My sister smiles when she sees my tree, which has regrown in a different way. I love it all the same. She doesn't ask questions. She seems to understand. "Are you ready to go?", she asks. "Of course", is my reply. I am ready. The city seems like a wonderful place. If I can show all the woodsmen there the love, I could change it for the better. And though I will miss my tree, I think, if it could speak, I know exactly what it would want me too do. Save the other trees, its leaves whisper. I'll be okay.

It takes us a few days to get back to the city. Cassandra, who I've called Andy all my life, chats the whole way, telling me, among many other things, the reason that she finally came to get me after all those years. I learn about how the city was using up so much wood, and eventually they realized they were spiraling towards a disaster. The Emperor called all the woodsmen together to try and find a solution. After a few days of hearing hopeless reports from our father, Andy brought up the idea of finding me to have a set of fresh eyes. Everyone told her it was hopeless, that I was probably dead, or if not, she would never find me. But Andy was set on her idea, like she always is, and went to look for me anyway. This is the main topic of conversation, but of course there is the occasional, "Well, and the Prince got a new haircut, and he just looks soooo handsome!" Andy thinks I am excited to see the Prince.
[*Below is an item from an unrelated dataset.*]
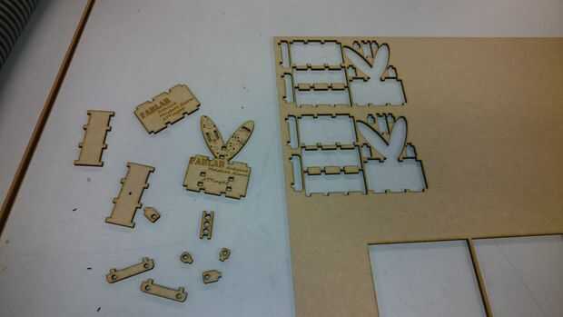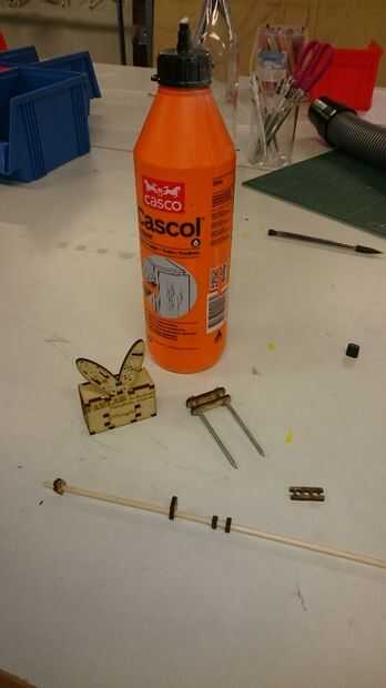 Las patas de los insectos fueron grabadas para el tablero del MDF, se cortar la carcasa y la carcasa pegados juntos.

I just can't wait to get to the woodsmen's meeting, and see my father and all the others like me.

Eventually, we are there. I run to the city center, desperately scanning the heads for my parent's faces. When I find them, they blink a few times. Then we both run in a dead sprint for each other, and I fall into my parents arms, with Andy a few steps behind. "Theo," said my bewildered father through tears of joy, "You're alive!" Shouting erupts all throughout the courtyard. While some are fearful, most of the woodsmen are gesturing to the barren land that used to be forest. "Help us fix it!" they ask. The noise overwhelms my sensitive ears, but I know I have to try. When I killed my old tree, my love helped it regrow. It might have just been the work I put in because of the love, but you never know. And I have all the woodsmen here, ready to listen. So I start to walk to the elevated edge of the courtyard. But my sister catches up to me when I am almost there. "Do you know what your name means?" "No", is my reply. No one ever told me it had a meaning. My sister starts to tell me, but she is drowned out by the noise of the courtyard. As much as I strain to listen, I cannot hear. Eventually she waves and disappears into the crowd. 

Facing the collected woodsmen, I tell them to love. My voice is shaky, at first, but as I reminisce about my tree, as I think about all the trees in the world, I grow more confident. "Love is the answer", I say. "The world needs our love". Something shifts, then, and the love seems to radiate out of all us. But it doesn't just seem- it does. The misty looking emotion rises from all of us in a beautiful orange like the first days of fall. I can feel it washing away the sadness and grief that had been covering the forest like a blanket. I know those trees will be able to regrow, if we just keep on loving them. I see other colors joining as others join in. The sky starts to brighten, the water starts to gleam a bit more than it used to; all the other men were joining in. And the love, the pure, unconditional love of the earth, from the woman but also the men, a bit of it entered myself and settled in there. And it melted the last bit of ice away. It revealed the last bit of buried information: What my name meant. I knew it now.